Unlike conventional crude oil, which occurs as a liquid within the pore spaces of solid rock, oil sands are a mixture of semi-solid oil, sand, clay, and water. The viscous crude, called bitumen, can’t just be pumped like an oil well; extraction methods use more energy and more water and are much more costly than conventional oil drilling. For deposits near the land surface, the sand-plus-oil mixture is strip-mined, then processed with hot water and solvents to release the bitumen. For deeper deposits, the “in-situ” process too is complex: Steam must be injected underground to allow the bitumen to flow into extraction wells. National Geographic, citing a litany of environmental problems left to be addressed, has called oil sands the “
world’s most destructive oil operation.”
Mining bitumen strips away forest cover and topsoil, leaving acre upon acre of barren, black ground.
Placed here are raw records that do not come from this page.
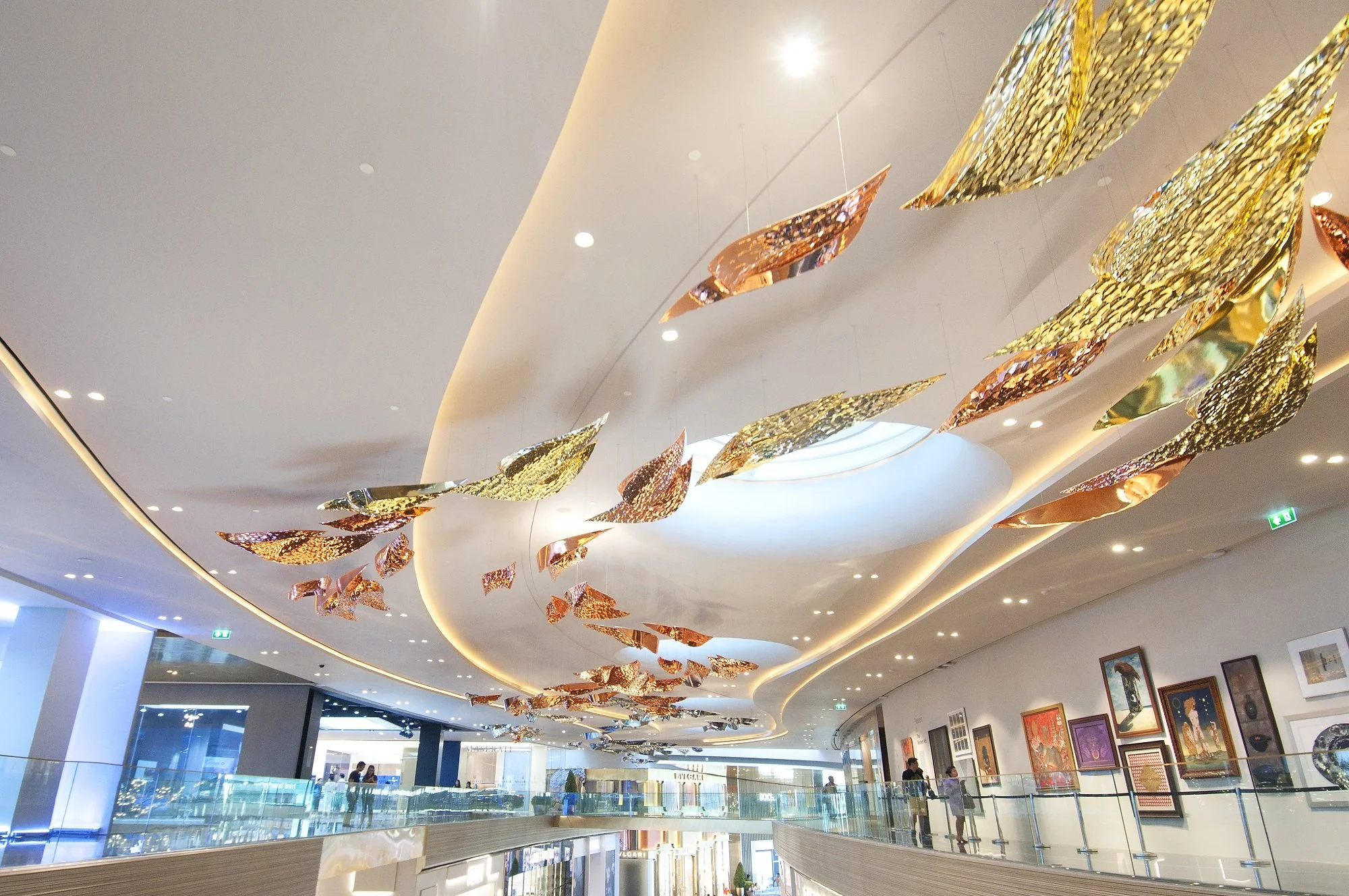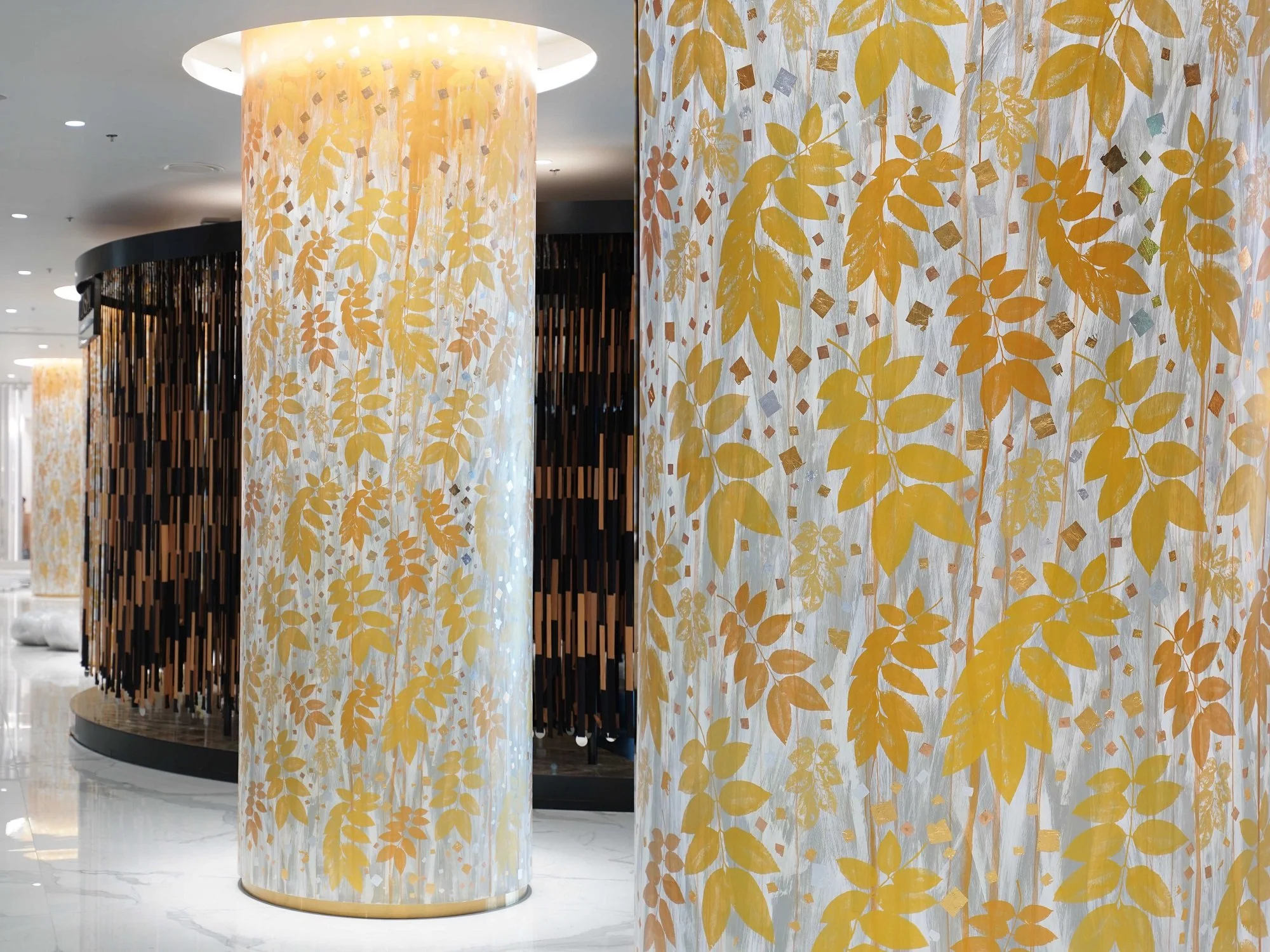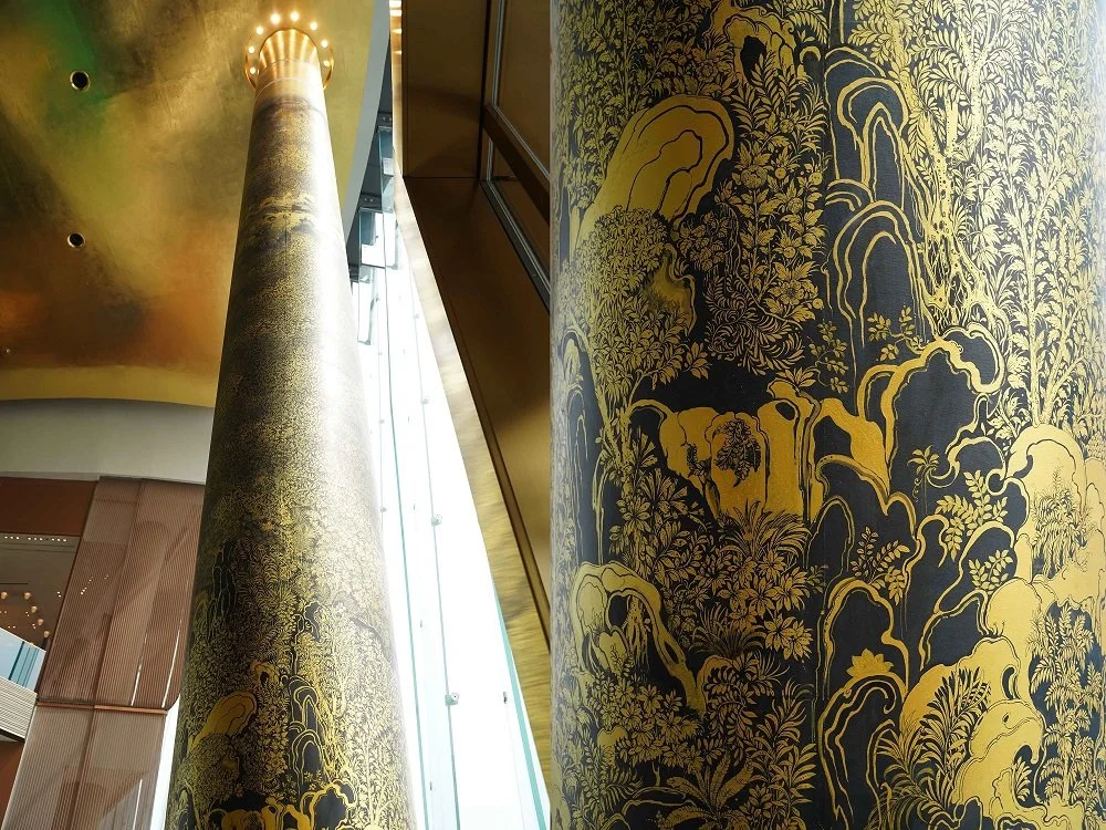 สำหรับเส้นทางสายอาร์ตต่อมาที่รอให้ทุกคนมาสำรวจ ได้ตกแต่งอย่างสวยงามเป็นสง่าที่ชั้น M และ 1 ของไอคอนสยาม กับ “เสาแห่งมงคล” ทองอร่ามทั้ง 8 ต้น สร้างสรรค์โดยศาสตราจารย์ถาวร โกอุดมวิทย์ ศิลปินไทยที่มีชื่อเสียงระดับนานาชาติ เชี่ยวชาญในสาขาภาพพิมพ์ โดยเส้นลวดลายต่างๆ เกิดจากการประทับพิมพ์ใบไม้จากต้นไม้มงคลของไทย ไม่ว่าจะเป็น ใบจากต้นประดู่ และต้นคูณ โดยเส้นสายสีทองบนเสาที่สะท้อนแสงสุกสกาว ซ่อนนัยยะความหมายระหว่าง “ธรรมะ” กับ “ธรรมชาติ” ได้อย่างลึกซึ้ง สามารถสะกดสายตาให้ผู้คนที่เดินผ่านมาหยุดชื่นชมได้อย่างน่าจดจำทีเดียว
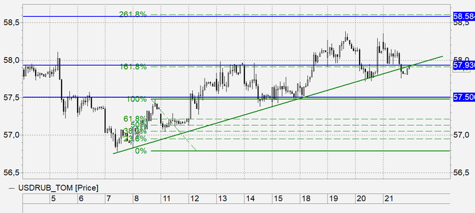 Рубль пока ведет себя намного лучше, чем ожидалось и никак не доберется до 58.60. Более того, если сегодня не последует возврата выше 58.00, то возникнут подозрения в способности доллара «противостоять натиску российской валюты».
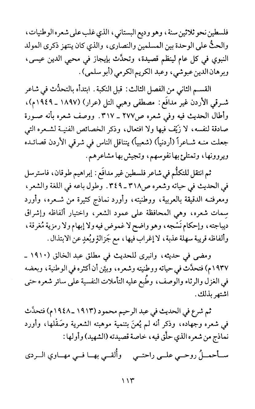 القسم الثاني من الفصل الثالث: قبل النكبة. ابتدأه بالتحدُث في شاعر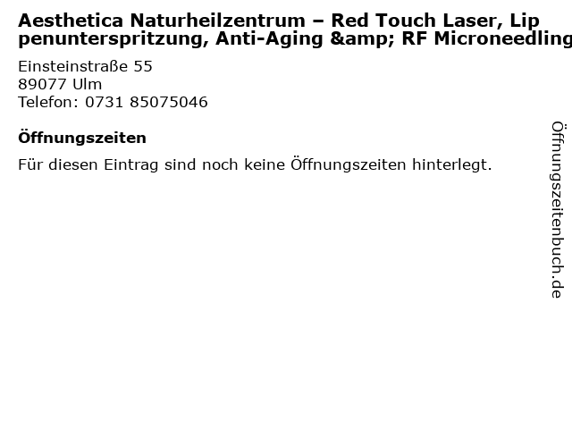 | Aesthetica Naturheilzentrum – Red Touch Laser, Lippenunterspritzung, Anti-Aging & RF Microneedling anrufen | |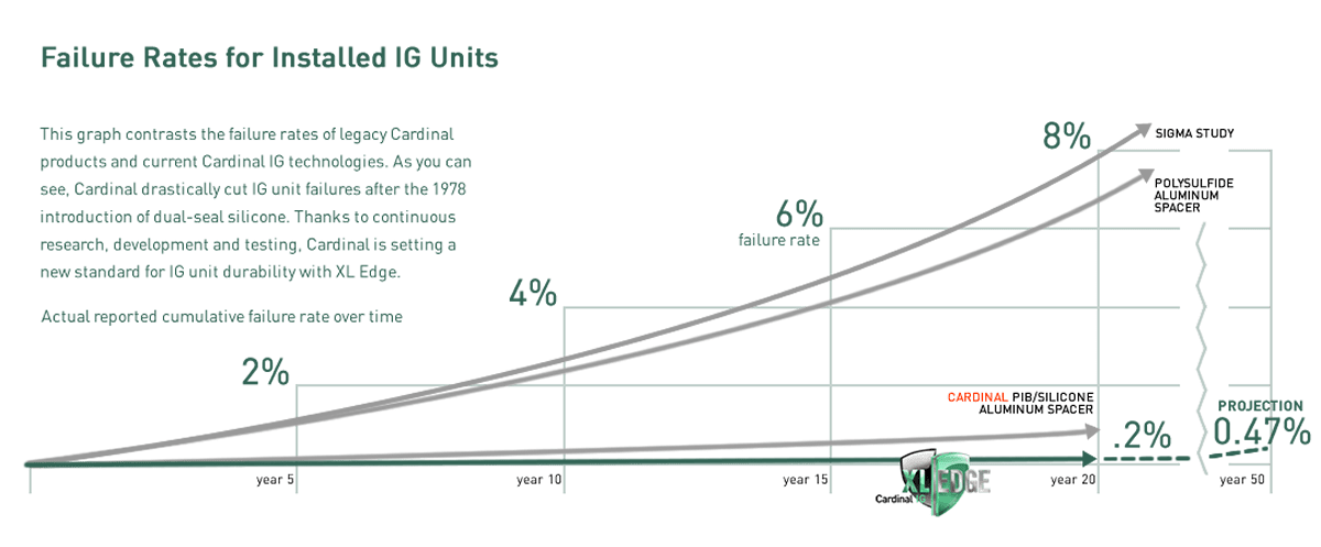 Cardinal's superior IG construction translates into a 0.2% seal failure rate over twenty years - plainly the lowest in the industry. To compare, the well-established 1976 Sealed Insulating Glass Manufacturing Association (SIGMA) study identifies average industry IG failures of over 9% in fifteen years. Modern competitive spacer systems simply cannot match the long-term durability characteristics of XL Edge IG. Even older Cardinal technologies, like IG with aluminum spacers and polysulfide or PIB, didn't stack up against XL Edge.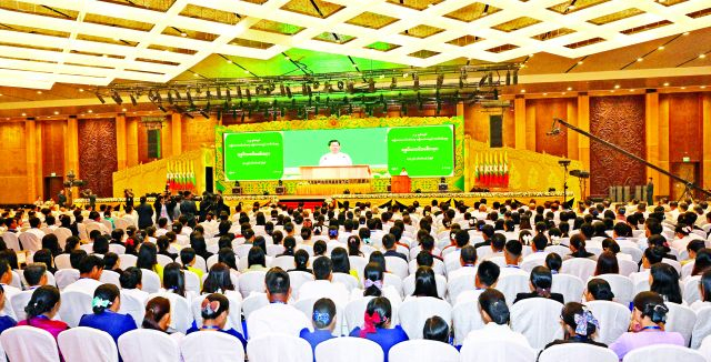 ပြည်ထောင်စုသမ္မတမြန်မာနိုင်ငံတော် ယာယီသမ္မတ နိုင်ငံတော်လုံခြုံရေးနှင့် အေးချမ်းသာယာရေးကော်မရှင် ဥက္ကဋ္ဌ ဗိုလ်ချုပ်မှူးကြီး မင်းအောင်လှိုင် နှင့်ဇနီး ဒေါ်ကြူကြူလှ ၂၀၂၄ ခုနှစ်အတွက် အမျိုးသားစာပေတစ်သက်တာဆု၊ အမျိုးသားစာပေဆုနှင့် စာပေဗိမာန်စာမူဆု ဆုနှင်းသဘင်အခမ်းအနားသို့ တက်ရောက်၍ စာပေဆုများ ပေးအပ်ချီးမြှင့်
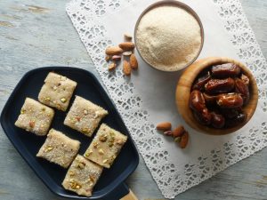 Sprinkle desiccated coconut, pistachio and almonds and cut in squares.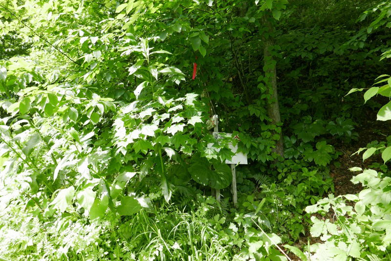 登山道は東側コースも西側コースも、この看板の左手を進む必要がある。道はすっかり背丈の高い草に覆われている。東側コースの取り付き地点を示す赤テープを見つけると草むらの中に道標が佇んでいる。すぐさま斜面となりロープがフィックスされているがそれを頼るほどの急斜面ではない。ジグを切って進むとじきに尾根に上がり、素晴らしい自然林の中のフットパスを歩くようになる。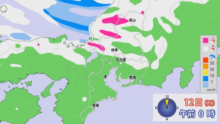 成人の日の月曜日は、名古屋市内でもうっすら雪が積もる可能性があり、岐阜の山間部では警報級の大雪となる恐れもあります。

The post-processing tailings are piped into vast ponds, which contain an “
acutely toxic” mixture of water, sand, hydrocarbons, ammonia, acids, and heavy metals. The total volume of wastewater currently exceeds
4 billion gallons and counting, with
1.5 gallons of tailings waste produced for each gallon of bitumen.
Scientific studies have detected toxins in the aquatic environment downstream from oil sands production, and a 2017 analysis estimated that cleanup costs
will exceed the value of oil sands royalties collected by the province of Alberta.